It was time for Knoxville to get creative. The city began exploring a public-private financing model. Under such an arrangement, it would contribute the $250,000 from the American Recovery and Reinvestment Act-funded DOE energy efficiency block grant, and a third party solar developer would provide the rest of the funding. FLS, a North Carolina company, won the bid to finance the rest of the 90-kW project.
Structuring the deal was not easy, said Susanna Sutherland, director of the city’s office of sustainability. “We were doing something new, something that no other city in the Tennessee Valley had done.”
Under an umbrella agreement, the privately owned solar system would be installed on the roof of the city’s convention center. The agreement included lease arrangements, utility agreements, a maintenance component and a buyout provision.
After seven years, the city has the option of purchasing the system. “At that time, we’ll have the system appraised to determine the fair market value,” said Sutherland. The snag is that no one knew exactly what that value would be, she said, which made it difficult to estimate returns from the financial model. “Part of determining whether this was a good deal was knowing how much we would end up paying for the system.” This is not an issue just for Knoxville, she said. “It’s an unresolved issue nationwide.” Still, the city is leaning toward the purchase of the system.
The umbrella agreement also included a payment schedule. “The project’s incentive came in the form of a credit on our power bill, so we had to make a physical payment to the third-party company every month,” said Sutherland.

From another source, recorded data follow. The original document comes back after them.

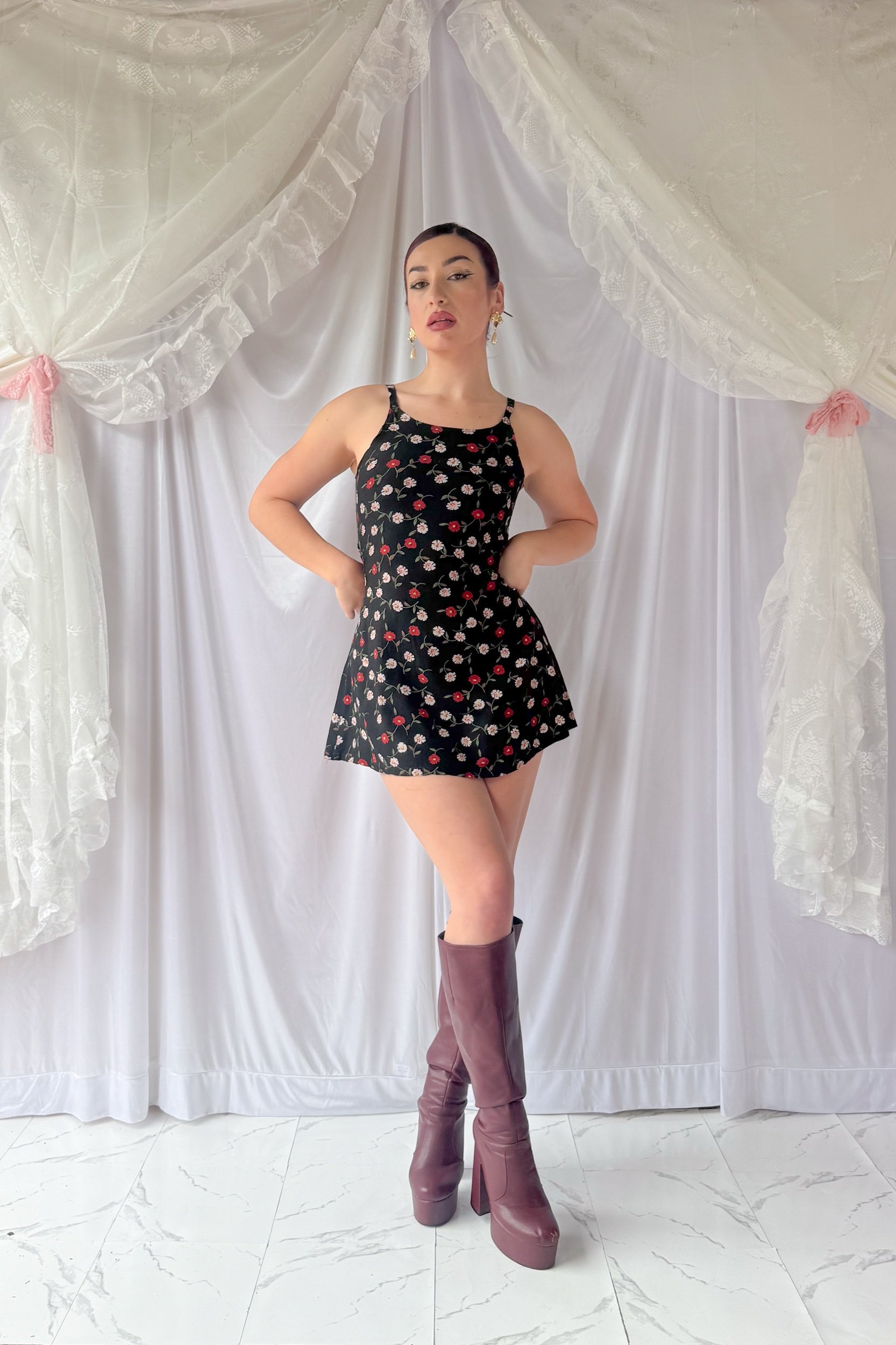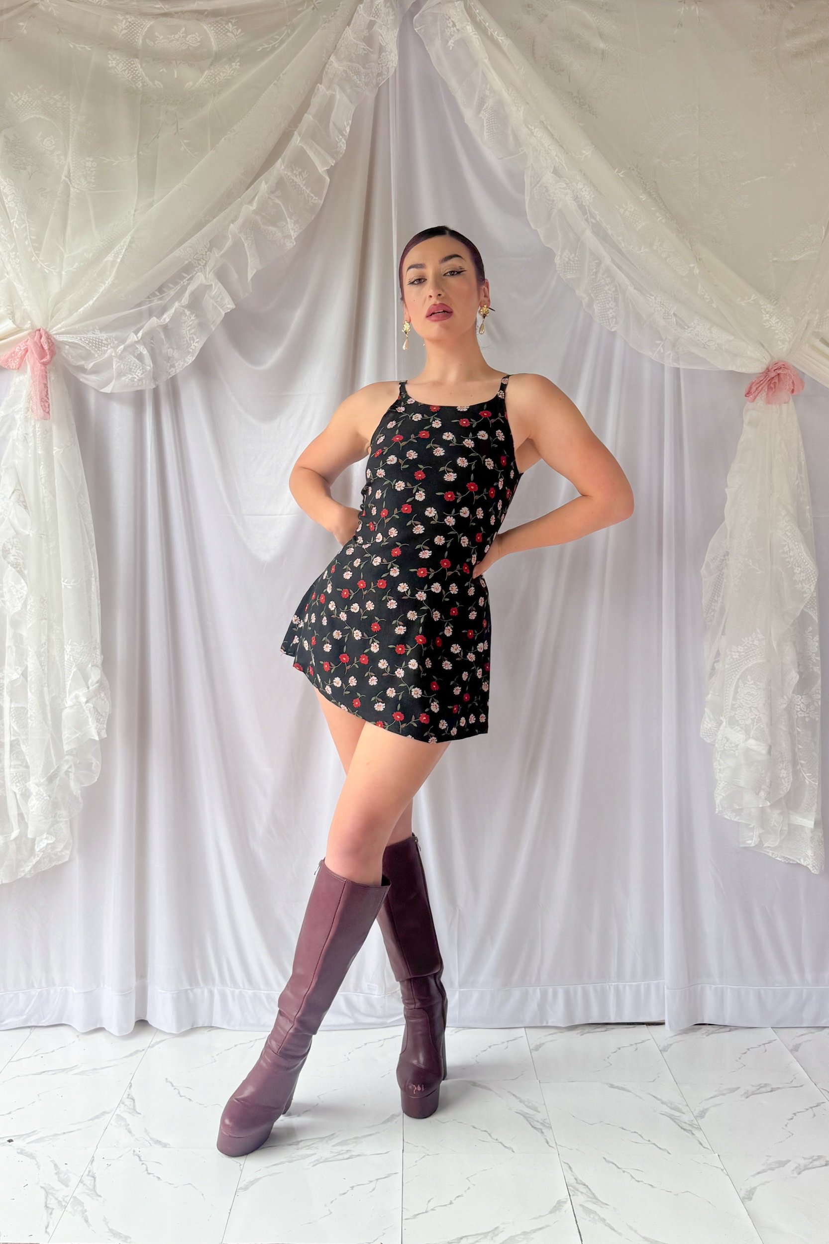90s Floral Cotton Mini Dress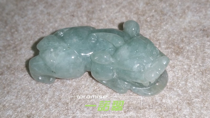 【天然翡翠 · 貔貅印章】已售 每當看到這類造型的貔貅,總會哼著《極速傳說》的幾句「頭搖又尾擺,飄移境界……」。本印章玉質優良,小貔貅造型跳脫,尾巴色辣,揹上如意一顆,頭搖又尾擺,像隨時極速為主人送福。
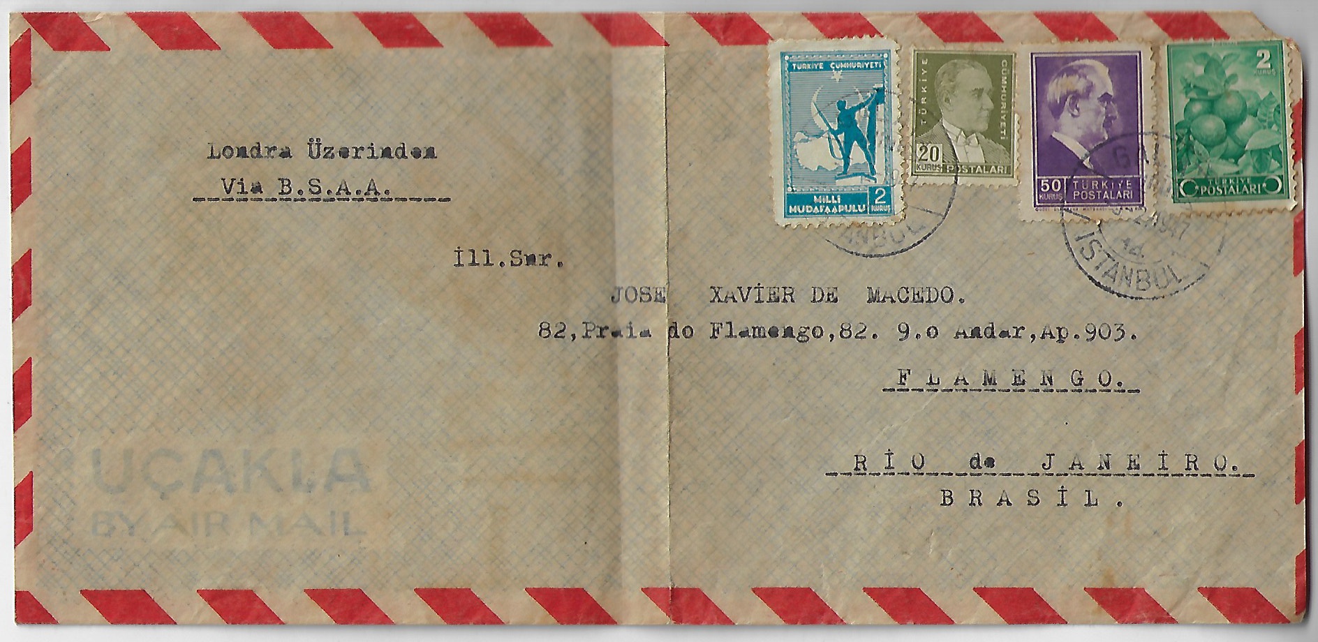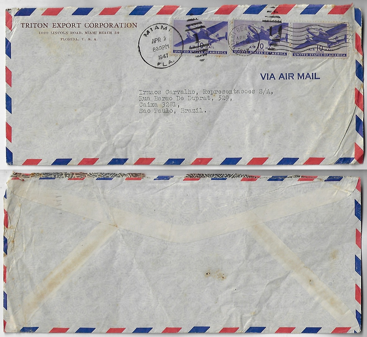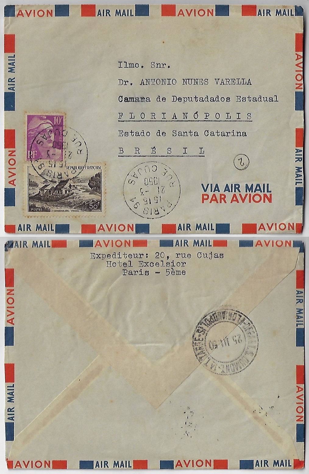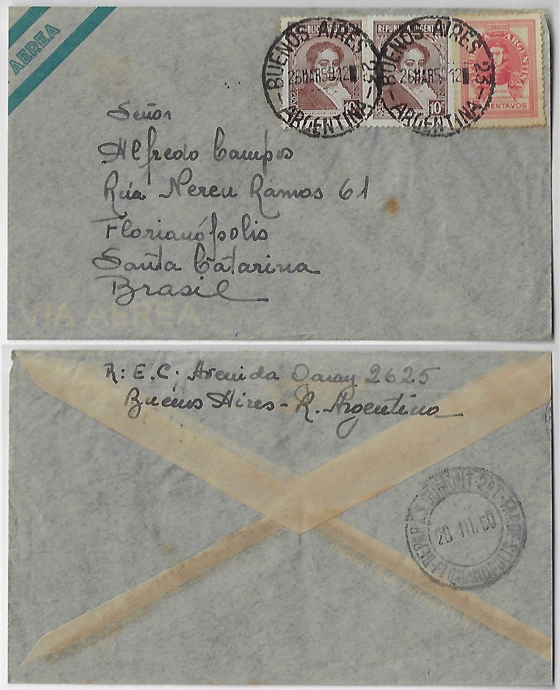 | 81071 | Argentina, 1950, envelope aéreo de Buenos Aires (25/3)para Florianópolis (28/3), porteado com 3 selos | 10,00 | Foto |

Assembling the agreement took two years of hard work. But it was a valuable learning process. “If we did it again—and we’re open to that—it wouldn’t involve as much pain,” said Sutherland.
The PV system, which began operating in 2011, generates 118,240 kWh annually and is expected to save the city up to $685,000 over 40 years.

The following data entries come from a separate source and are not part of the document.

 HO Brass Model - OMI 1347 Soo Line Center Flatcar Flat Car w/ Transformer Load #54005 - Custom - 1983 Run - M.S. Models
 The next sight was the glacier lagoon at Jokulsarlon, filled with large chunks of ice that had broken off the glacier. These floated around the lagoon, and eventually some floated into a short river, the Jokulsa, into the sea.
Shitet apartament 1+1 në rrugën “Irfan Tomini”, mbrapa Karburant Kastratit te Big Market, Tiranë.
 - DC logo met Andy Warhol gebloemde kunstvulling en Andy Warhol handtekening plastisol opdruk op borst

“We’re trying to be a leader in renewable energy,” said Jake Tisinger, a project manager in Knoxville’s sustainability office. “And we want other cities to use our third-party model.”

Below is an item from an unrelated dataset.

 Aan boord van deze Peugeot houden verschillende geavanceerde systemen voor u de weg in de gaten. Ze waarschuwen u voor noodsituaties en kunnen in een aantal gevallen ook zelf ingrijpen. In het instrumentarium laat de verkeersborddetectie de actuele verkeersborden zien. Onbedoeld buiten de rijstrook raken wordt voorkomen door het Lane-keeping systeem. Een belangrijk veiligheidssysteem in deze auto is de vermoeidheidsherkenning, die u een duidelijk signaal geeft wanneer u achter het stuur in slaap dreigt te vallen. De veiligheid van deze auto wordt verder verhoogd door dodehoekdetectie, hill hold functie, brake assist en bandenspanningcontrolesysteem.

But there are variations on that theme, he noted. “Cities should think creatively. There’s no one right or wrong answer.”
Leasing model. When the mayor of Franklin, a Tennessee city served by TVA, asked staff to look into solar, heads turned toward Knoxville. “We knew the city had used grant funding, together with private investment, for its PV project,” said Andrew Orr, sustainability/grant coordinator for the department of planning and sustainability.
But Franklin wanted to explore other financing models—especially those that did not involve any up-front funding from the city. That’s what led Orr to Raleigh, N.C., and a leasing model. “We had the land, that was our bargaining chip,” he said. “The 110-acre site—at our wastewater treatment facility—had good, unobstructed southern exposure.”
The city collaborated with a Nashville solar company that agreed to design, fund, build and maintain a 200-kW PV system.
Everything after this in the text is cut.